*** Opening Record set ***

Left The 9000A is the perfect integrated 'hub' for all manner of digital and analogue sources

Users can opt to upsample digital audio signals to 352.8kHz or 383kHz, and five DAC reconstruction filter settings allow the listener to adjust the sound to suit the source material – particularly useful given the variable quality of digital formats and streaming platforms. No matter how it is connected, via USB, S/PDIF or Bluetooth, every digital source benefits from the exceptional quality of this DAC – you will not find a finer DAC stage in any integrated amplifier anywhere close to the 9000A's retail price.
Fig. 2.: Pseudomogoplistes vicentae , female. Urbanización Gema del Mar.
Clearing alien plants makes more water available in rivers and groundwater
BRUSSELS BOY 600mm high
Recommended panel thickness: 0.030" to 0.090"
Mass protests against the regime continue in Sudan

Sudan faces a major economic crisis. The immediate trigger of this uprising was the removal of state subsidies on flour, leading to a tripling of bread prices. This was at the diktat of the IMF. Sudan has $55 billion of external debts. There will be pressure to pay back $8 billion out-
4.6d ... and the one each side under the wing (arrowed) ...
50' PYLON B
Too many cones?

*** Closing Record set ***
*** Opening Record set ***

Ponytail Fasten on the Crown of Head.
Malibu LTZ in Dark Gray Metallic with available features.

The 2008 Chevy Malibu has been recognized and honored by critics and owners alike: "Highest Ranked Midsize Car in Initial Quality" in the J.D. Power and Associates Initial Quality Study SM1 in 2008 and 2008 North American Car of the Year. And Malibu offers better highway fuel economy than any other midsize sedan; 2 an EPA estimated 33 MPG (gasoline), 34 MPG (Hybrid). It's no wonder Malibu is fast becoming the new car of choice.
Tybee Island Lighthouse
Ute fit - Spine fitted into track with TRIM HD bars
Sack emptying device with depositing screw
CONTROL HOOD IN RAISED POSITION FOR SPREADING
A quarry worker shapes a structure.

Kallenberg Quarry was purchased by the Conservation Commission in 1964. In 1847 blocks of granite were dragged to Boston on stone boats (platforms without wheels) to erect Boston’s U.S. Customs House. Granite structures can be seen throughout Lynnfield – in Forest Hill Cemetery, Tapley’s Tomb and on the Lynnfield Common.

*** Closing Record set ***

Work instructions
As listed above, the lines from the line with "Ute fit - Spine" to the line with "Kallenberg Quarry was" are to be echoed exactly, with both ends included and nothing added.

Task solution
Ute fit - Spine fitted into track with TRIM HD bars
Sack emptying device with depositing screw
CONTROL HOOD IN RAISED POSITION FOR SPREADING
A quarry worker shapes a structure.

Kallenberg Quarry was purchased by the Conservation Commission in 1964. In 1847 blocks of granite were dragged to Boston on stone boats (platforms without wheels) to erect Boston’s U.S. Customs House. Granite structures can be seen throughout Lynnfield – in Forest Hill Cemetery, Tapley’s Tomb and on the Lynnfield Common.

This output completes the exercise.